The chain of events left the advisor frustrated with some of his students and the university’s response.
“Those eight students thought they could do whatever they wanted, pure and simple,” Johannesen told the Union-Tribune. “They should be punished. But the entire fraternity shouldn’t be sanctioned. This wasn’t a fraternity event.”
Disciplinary actions taken against fraternities, sororities at San Diego State
From 2014 through 2019, 19 of at least 49 fraternities and sororities at San Diego State University were investigated for committing a variety of violations — 30 did not. Alcohol and hazing violations were among the most common, and some students had to be transported to the hospital for reasons related to alcohol, drugs or something unspecified. Below are the number of violations each Greek chapter was accused of committing in that five-year period.
Greek life
The word Greek isn’t supposed to be synonymous with trouble.
Broadly speaking, fraternities and sororities are devoted to promoting friendship, scholarship, leadership, community service and philanthropy. It’s been that way since the 18th century.
And for the most part, the system works. Educators say the majority of Greek chapters do not get in trouble. And many members are high achievers. Some SDSU chapters, like Gamma Phi Beta and Delta Zeta, maintain grade point averages that are significantly higher than the general student population.

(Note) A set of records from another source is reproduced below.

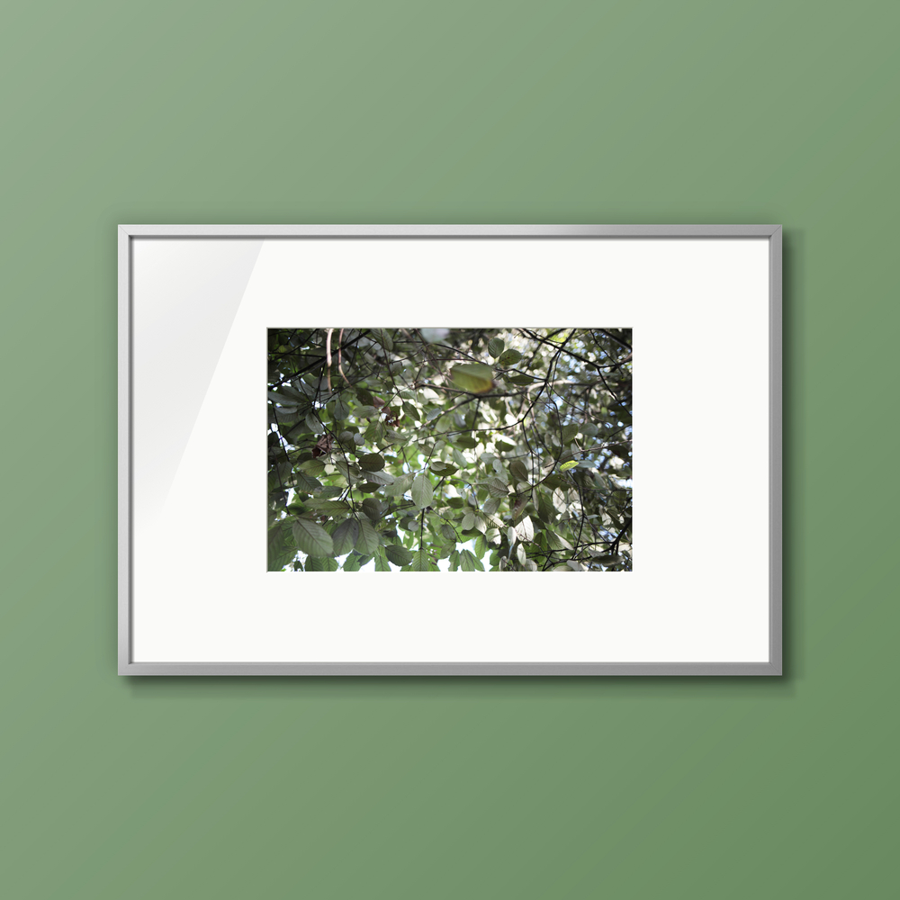 重なり合う葉の隙間から、優しく差し込む木漏れ日。 その一瞬として同じ形に留まらない光の粒と、葉が織りなす繊細なテクスチャーに惹かれました。 写真ならではの解像感で切り取られた緑のグラデーションは、 抽象絵画のように、空間に瑞々しい息吹と、心地よい奥行きをもたらします。 暮らしの風景の一部として、 ありふれた景色のなかに潜む美しさを探求するシリーズ。 あなたの空間に、清らかな物語を添える一枚になれば幸いです。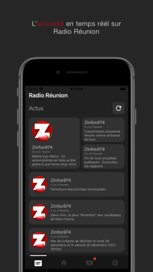 Grace a la nouvelle fonctionnalité actualité, rester informer en temps réel des informations de la Réunion.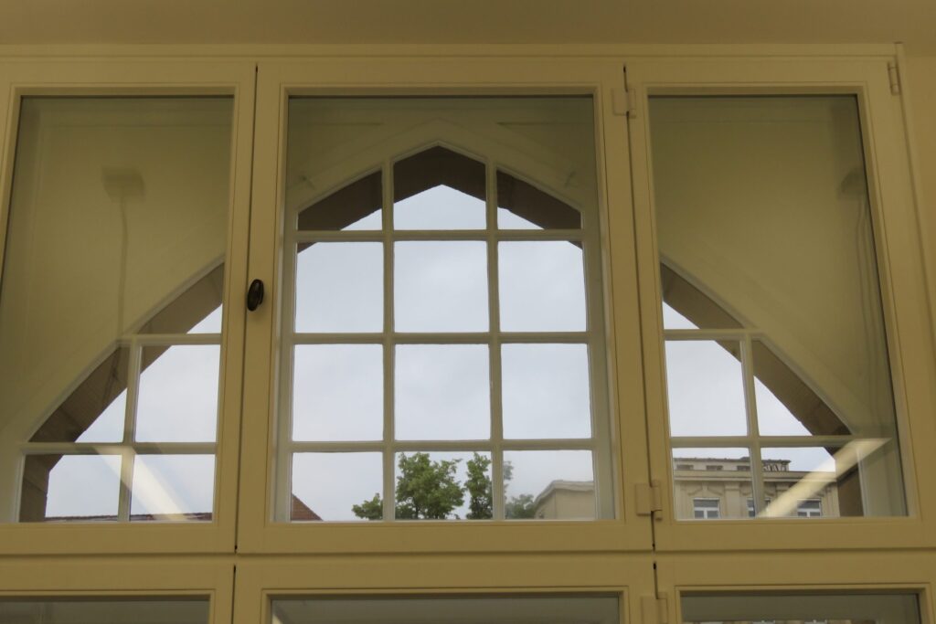 Kramp & Kramp arbeitet Ihnen die historischen Fenster vollständig denkmalgerecht auf und findet die Detaillösung zu den heute gewünschten Anforderungen, sodass die erbrachte Lebenszeit nochmals so lange bestehen bleibt.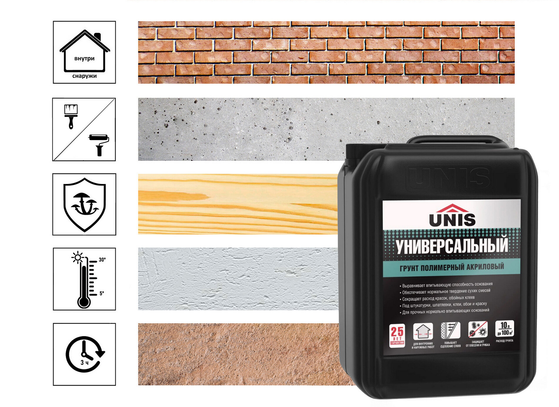 Юнис грунтовка универсальная (10л) / UNIS грунт универсальный акриловый (10л)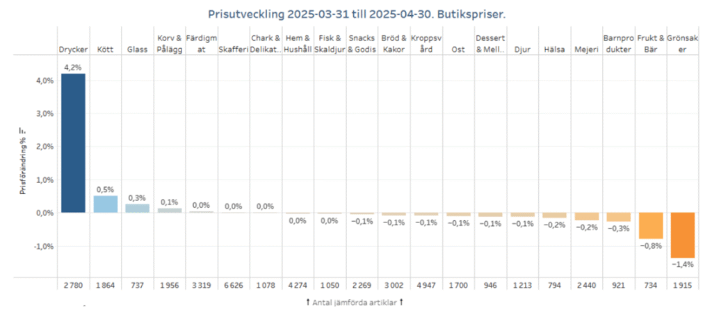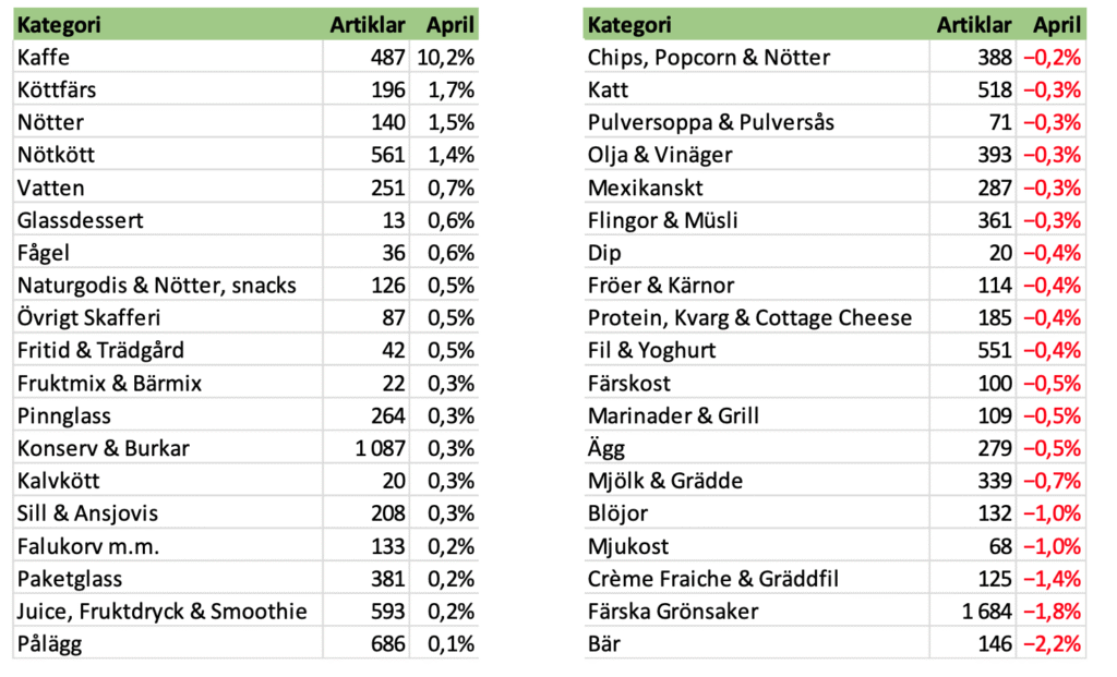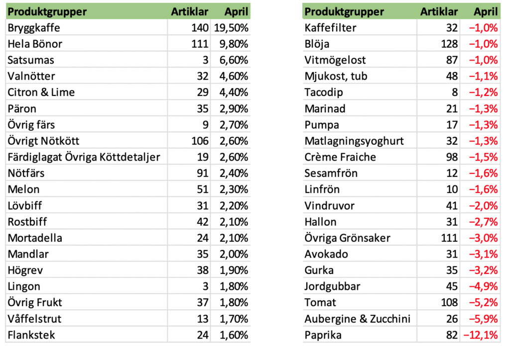 I april höjdes priserna mest på varukategorierna Bryggkaffe +20%, Köttfärs +1,7%, Nötter +1,5%, Nötkött +1,4% och Vatten +0,7%
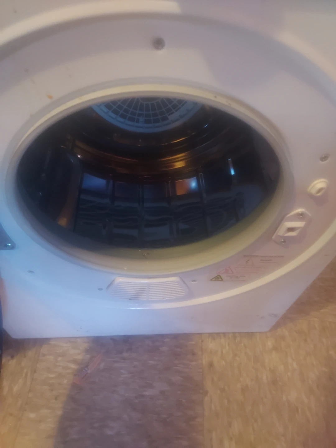 This is a Santern compact clothes dryer. It's white and has a control dial with timer and heat settings. It's a great option for small spaces!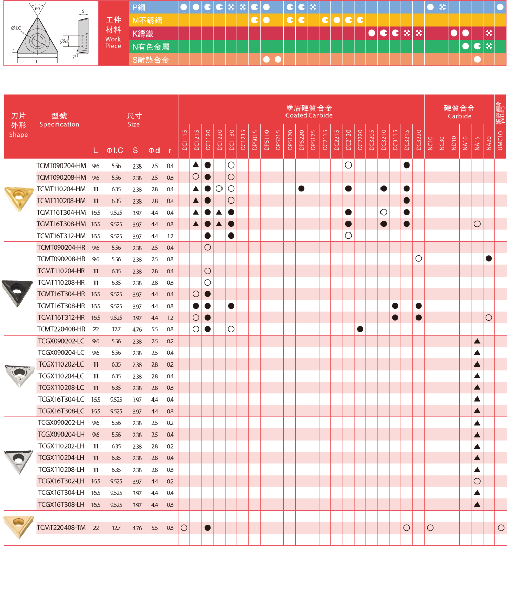 | Insert Grades - Turning 車削刀片牌號一覽表 |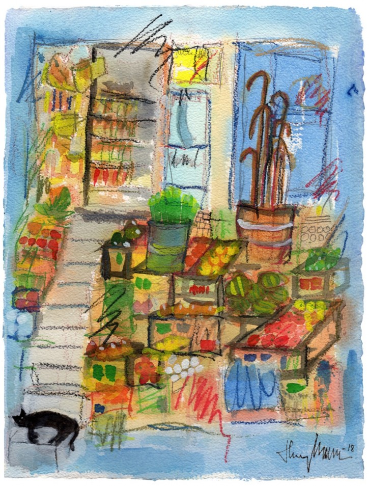 From memory, my take on Mr. Koukoudakis' grocery store, on the street leading down to the port. Today the shop is run by the family and still a beautiful place but more modern. I remember we bought our first lemon tree here, twenty years ago. Koukoudakis delivered it on his boat from the mainland.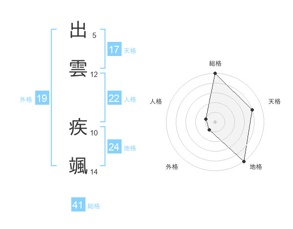 出雲 疾颯さんの総格は41画の5点!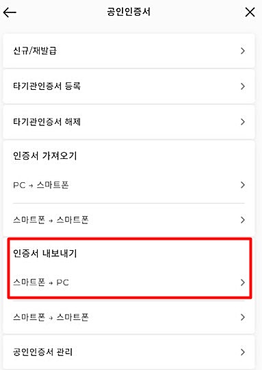 기본 설정은 PC → 스마트폰으로 되어있기 때문에 두 번째 칸에 표시되어있는  스마트폰 인증서 → PC로 내보내기를 선택하면 된다.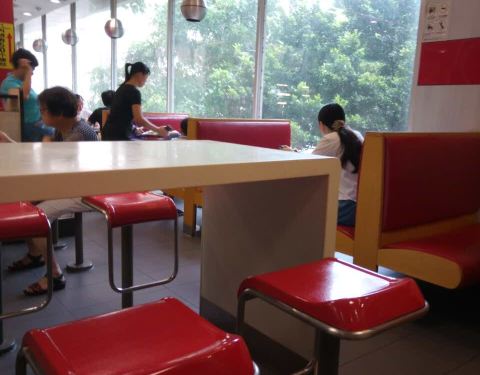 真功夫省中医院店,在医院正门对面上二楼,座位够,人一般,那个维C沙棘果汁新上市的。快餐里面算快咯呵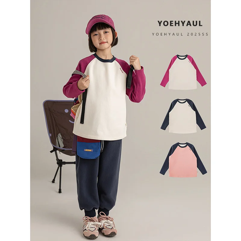 Children's Long Sleeve Top Apparel Customizable 230g Cotton Basic Shirt Layering Tee Plain Colors OEM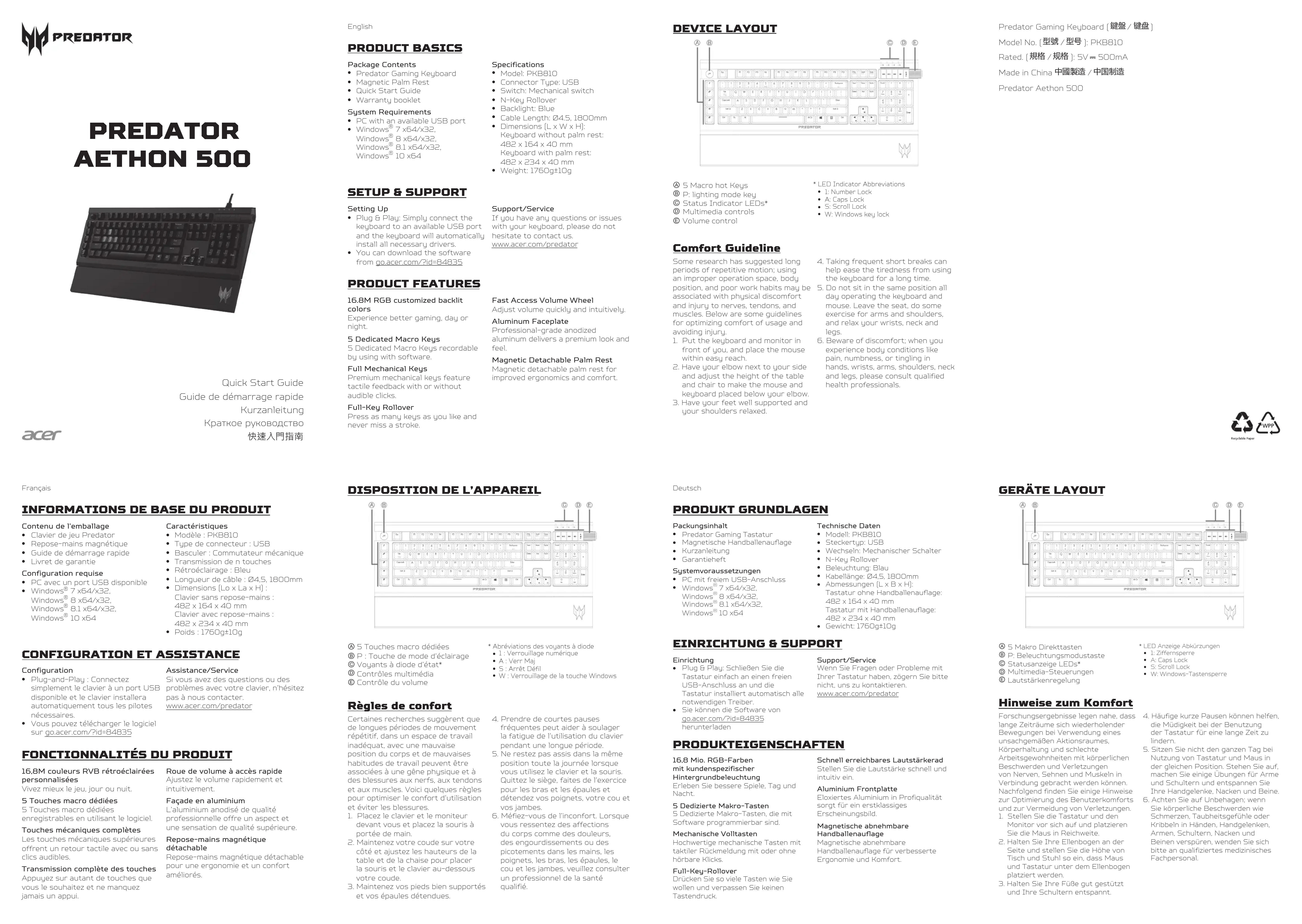 vous ressentez des affections du corps comme des douleurs, des engourdissements ou des picotements dans les mains, les poignets, les bras, les épaules, le cou et les jambes, veuillez consulter un professionnel de la santé qualifié. Deutsch PRODUKT GRUNDLAGEN Packungsinhalt Predator Gaming Tastatur Magnetische Handballenauflage Kurzanleitung GarantieheftSystemvoraussetzungen PC mit freiem USB-Anschluss Windows 7 x64/x32, Windows 8 x64/x32, Windows

About 10 percent of the nation’s college undergraduates belong to Greek chapters, which are largely secretive, self-governing organizations that offer something students badly want — a home away from home; a place to hone their identity.
“My fraternity was an integral part of growing up and learning how to survive adulthood,” Jeffrey Piraino, a Los Angeles County Fire Department captain who joined SDSU’s Sigma Chiin 1989, told the Union-Tribune in an email.
“My fraternity also taught me how to clean a bathroom, vacuum my room and to respect and maintain the fraternity house because my ‘good old mom’ wasn’t around anymore.”
Piraino’s experience is not unusual.
“Most fraternities and sororities do well,” said Stevan Veldkamp, who directs a national Greek life research center at Pennsylvania State University. “But when things go bad, they can go really bad.”